Including through Prayer

 

 

Including through Prayer

​Accessible and inclusive

 
We celebrate every effort faith communities make to become more accessible to all. Yet a church that stops at accessibility is like a home-run hitter who stops running at first base, implies author Brett Webb-Mitchell. When a church installs a lift or ramp, we cheer. Getting in the door is essential. But once people with disabilities are inside, let’s not stop until they are fully included in the body of Christ. 

Prayer can engage the whole body. See Praying the Lord's Prayer as a Body Prayer for ideas and a model to follow.

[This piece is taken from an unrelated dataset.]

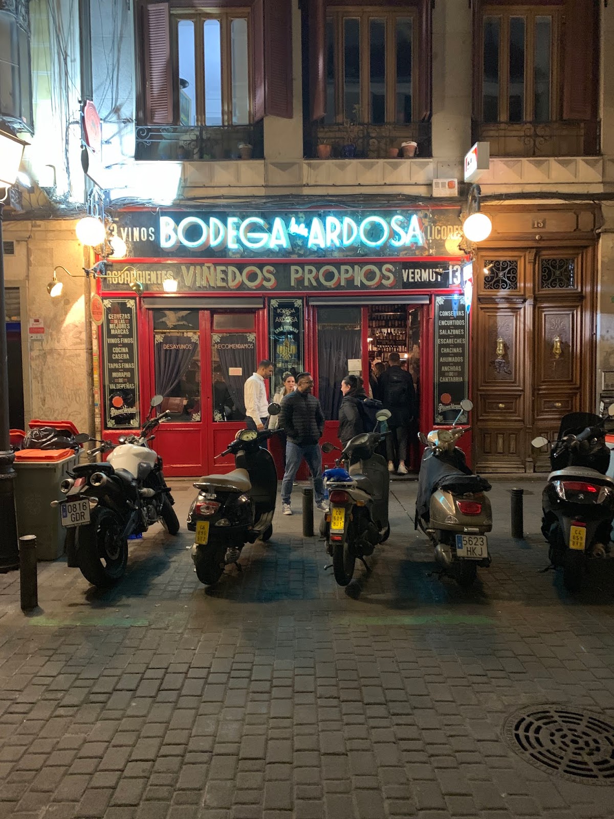 Empezamos a caminar hacia Malasaña pues nos íbamos a juntar con un amigo de Pakistán, nos juntamos en la plaza dos de mayo y luego caminamos hacia la Plaza del Rastrillo para tomar otra cañita en el bar El Balcón de Malasaña. Por último, fuimos a la Bodega Ardosa, dicen que lo mejor para el final y definitivamente fue la mejor comida y en un muy bonito bar. Al llegar a la bodega se puede ver que es solo un pequeño local de medio siglo de edad, pero si pasas atrás de la barra hay más mesas. Ahí pedimos tinto de verano y comimos tortilla de patata, palitos de berenjena en tempura y fritas y alcachofas a la parrilla, estuvo delicioso. Te pasas con tu buena comida. Luego caminamos a Bilbao dejamos a nuestro amigo en su Airbnb y regresamos a casa en Taxi. Ahí agradecí mis amigas el haberme recibido y haberme hecho pasar un fin de semana increíble.

What does it mean for a faith community to fully include, welcome, and embrace persons with a variety of developmental and intellectual disabilities? While the scope of this question is large, every faith community can identify and move forward toward greater inclusion in specific, small ways. Consider one simple yet profound aspect of every congregation’s life together: prayer. 
 
Worshiping alongside
“People with and without developmental disabilities should worship alongside each other,” contends Erik Carter in Including People with Disabilities in Faith Communities: A Guide for Service Providers, Families, and Congregations. 
 
A new resource, Rhythms of Grace: Worship and Faith Formation for Children and Families with Special Needs​ (by Audrey Scanlan and Linda Snyder) offers worship materials to help make such worship a rich experience for all. 
 
Its authors believe that anyone can benefit from experienced-based worship, and to that end, they offer a series of monthly, scripture-based sessions and worship resources. Together these comprise a curriculum for year one of a liturgical cycle. Episcopal in heritage and ecumenical in focus, the book outlines specific ideas for developmentally appropriate and experienced-based activities in worship to provide spiritual nurture and meaningful faith formation. 
 
The authors take “a truly full-bodied approach to worship and faith formation,” offering an invitation for participation for all members and welcome for the whole Body of Christ, with particular sensitivity to the needs of persons with disabilities. 
 
Slowing down 
Whether we realize it or not, our traditions sometimes exclude certain persons. For example, think about how your congregation prays together the prayer that our Lord taught us to pray. Do the words, “Our Father,” signal a NASCAR green flag to worshippers, who race through the lines of the prayer as fast as possible and get to that checkered flag “amen” in one breath? Many people get left behind when we rush through prayer. 
 
Power and meaning may emerge from merely slowing the pace of the Lord’s Prayer in a service. Beyond allowing room for reflection and deeper meaning, putting away the green flag helps a congregation to involve those who may have a hearing impairment or who cannot speak or think rapidly. Simply slowing the pace creates a moment of greater inclusion in the worshiping community. This is to be celebrated! 
 
Praying with our bodies 
A body prayer is another form that Rhythms of Grace suggests for experience-based worship. A body prayer invites the whole body to be involved in worship. We often think that using our bodies in worship is only for children (for example, using motions to a song, pointing to Heaven in the sky, etc.). But one can argue that movement is an increased meaning-maker for all of us. 
 
Praying with our bodies is not something we do just for those without verbal communication ability; it is a step toward creating deeper meaning for all. (Granted, praying a body prayer in the presence of a person who is limited in the use of their body could create a different kind of exclusion; this is why implementing a variety of strategies is important within the life of a congregation.) 
 
Rhythms of Grace provides clear visual aids for the Lord’s Prayer with movement (page 113) that can easily be shared in a bulletin insert, or better yet, taught by a confident and encouraging worship leader. See the link below for a different version online. As your congregation shares in vulnerability through learning an unfamiliar form of prayer, may the Spirit find an opportunity for sharing grace with all!